May 16, 2016
On 5/16/2016 3:30 AM, Andrei Alexandrescu wrote:
> On 5/16/16 3:31 AM, Walter Bright wrote:
>>
>> Ironically, this Microsoft article argues for greater precision for
>> intermediate calculations, although Microsoft ditched 80 bits:
>>
>> https://msdn.microsoft.com/en-us/library/aa289157(VS.71).aspx
>
> Do you have an explanation on why Microsoft ditched 80-bit floats? -- Andrei

At the time they were porting NT to some other architecture which didn't have 80 bits. I suspect they dumped it in order to enhance code compatibility between the x86 compiler and the other compiler. I think Microsoft tools had an internal mandate to make the differences between the machines as small as possible.

The lack of 80 bit SIMD support likely gave it a good shove off the curb as well. Even dmd no longer generates x87 code for float/double for 64 bit targets, meaning no more 80 bit temporaries.

It's kinda sad, really. The x87 was a triumph of engineering when it came out. The comments that "64 bits is all anyone will ever need" are not made by people who do numerical work, where one constantly battles catastrophic loss of precision.

I've often wondered how NASA calculates trajectories out to Jupiter, because it has to be done iteratively, and that means cumulative loss of precision. I wrote some orbit software for fun in college, and catastrophic loss of precision would make the orbits go completely bonkers after just one orbit. I invented several schemes to fix it, but nothing worked.

When I was doing numerical analysis for my you-know-what job, I had to invert matrices all the time. I only knew the math algorithm, and that would produce nonsense on anything larger than 14*14 or so using doubles. Better algorithms exist that compensate for the errors, but this was pre-internet and I didn't know where to get such a solution.

Those two experiences shaped my attitudes about the value of precision, as well as the TTL boards I designed where the design had to still work if faster parts were swapped in.
May 16, 2016
On 5/16/2016 4:18 AM, Joseph Rushton Wakeling wrote:
> you keep saying "correctness" or "accuracy", when people are
> consistently talking to you about "consistency" ... :-)

I see consistently wrong answers as being as virtuous as getting tires for my car that are not round :-)
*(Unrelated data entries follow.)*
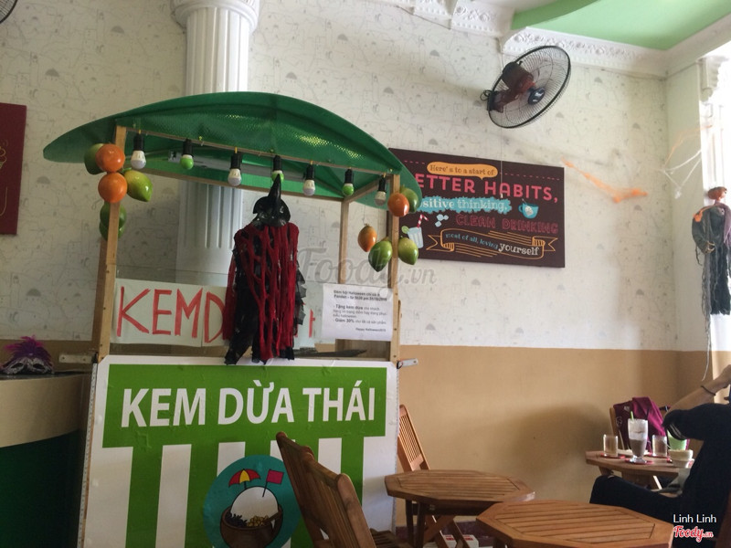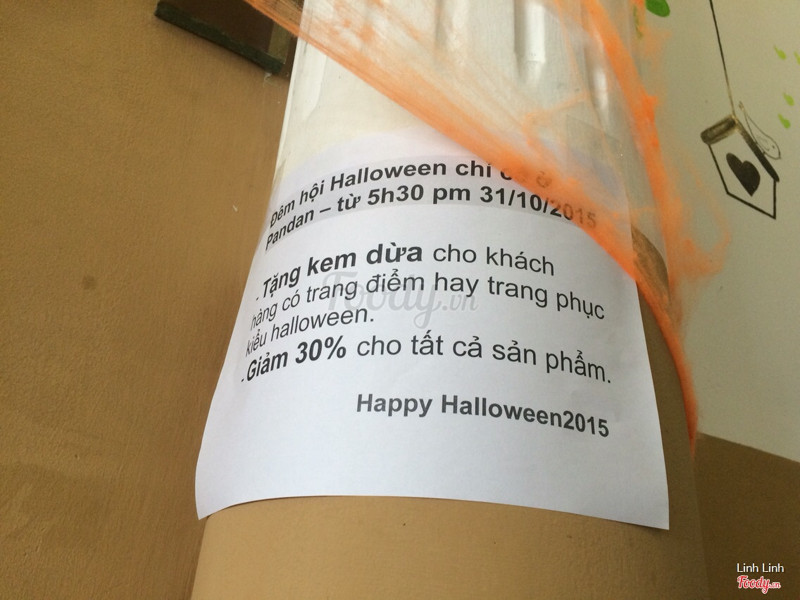 7.2Pandan - Drinks Desserts Snacks - Sư Vạn Hạnhhehe đang ngồi ở đây. quán này nằm sát bên quán karaoke K-T màu xanh lá chuối cũng khá là nổi. mở cách đây chắc cũng mấy tháng ròi mà giờ ghé thử. không gian cũng thoáng mát có điều hơi tối, bàn ghế gỗ thấp thấp nhìn cũng dễ thương. nhân viên phục vụ cực kỳ đáng iu lun, dễ thương lắm lắm. đồ ăn thức ún thì cũng ok. giá cả tạm ổn. hum nay quán đang có chương trình khuyến mãi tặng kem dừa cho khách hàng hoá trang halloween và giảm 30% toàn menu, nhưng mà từ 5h30 lận. chắc ngồi đây tới tối để đc giảm giá quá kakaa à hình như quán này có pà kon họ hàng với quán cow express thì phải, thấy trên khăn lạnh có in cow express. quán cow express là quán bít tết iu thích của mình hehe ...Xem thêm
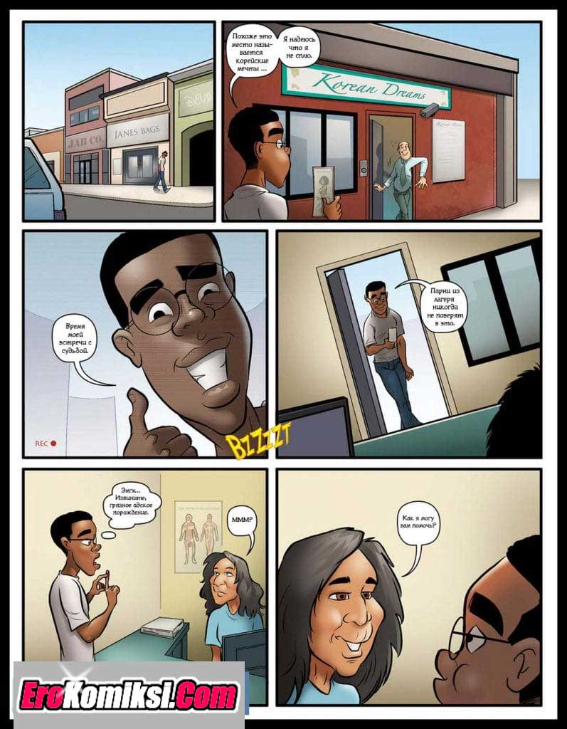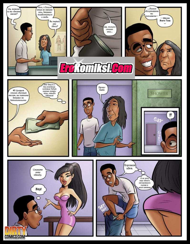 Порно комикс Счастливый конец. Чернокожий парень пошёл на массаж к азиатской девушке. Она разделась до гола и начала массировать его своим сексуальным телом. Парень на ожидал такого, член стоял как железный прут.
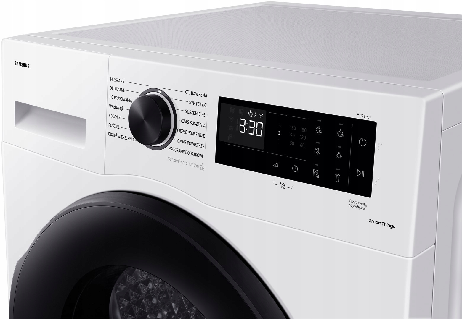 Optimal Dry - розумне налаштування параметрів сушіння. Інноваційний фільтр 2 в 1 - проста експлуатація та обслуговування. 35' Програма сушіння - швидке та зручне сушіння завантажень до 1 кг. SmartThings Energy - відстежуйте та керуйте енергоспоживанням своїх пристроїв для економії. Додаток SmartThings. Запустіть програму сушіння з будь-якого місця за допомогою телефону. Естетичне підсвічування барабана - перевірте стан прання. Цифровий інверторний двигун.

> I can always request more precision if I need or want it.  Getting different
> results for a superficially identical float * double calculation, because one
> was performed at compile time and another at runtime, is an inconsistency that
> it might be nicer to avoid.

As the links I posted explain in great detail, such a design produces other problems. Secondly, as I think this thread amply demonstrates, few programmers are particularly aware of the issues of cumulative roundoff error. It's very easy to miss it and just assume the result of the calculation is precise to 7 digits, when it might be off by factors of 2.


> The latter result, at least (AIUI) is consistent depending on whether the
> calculation is done at compile time or runtime.

True, but I was talking about intuitiveness. Integral promotion rules are not intuitive, they are a surprise to every C/C++/D newbie. Except for me, since I came from a PDP-11 assembler background, and that's how the PDP-11 CPU worked, and C's semantics are based on the 11.
May 16, 2016
On 5/16/2016 3:33 AM, Andrei Alexandrescu wrote:
> On 5/16/16 4:10 AM, Walter Bright wrote:
>> FP behavior has complex trade-offs with speed, accuracy, compatibility,
>> and size. There are no easy, obvious answers.
>
> That's a fair statement. My understanding is also that 80-bit math is on the
> wrong side of the tradeoff simply because it's disproportionately slow (again I
> cite http://nicolas.limare.net/pro/notes/2014/12/12_arit_speed/). All modern
> ALUs I looked at have 32- and 64-bit FP units only. I'm trying to figure why. --


I think it is slow because no effort has been put into speeding it up. All the effort went into SIMD. The x87 FPU is a library module that is just plopped onto the chip for compatibility.

The x87 register stack also sux because it's hard to generate good code for. That didn't help.
May 16, 2016
On 5/16/2016 3:26 AM, Joseph Rushton Wakeling wrote:
> If I've understood people's arguments right, the point of concern is that there
> are use cases where the programmer wants to be able to guarantee _a specific
> precision of their choice_.
>
> That strikes me as a legitimate use-case that it would be worth trying to support.

Yes, and I've proposed roundToFloat() and roundToDouble() intrinsics in this thread and the last two or three times this came up.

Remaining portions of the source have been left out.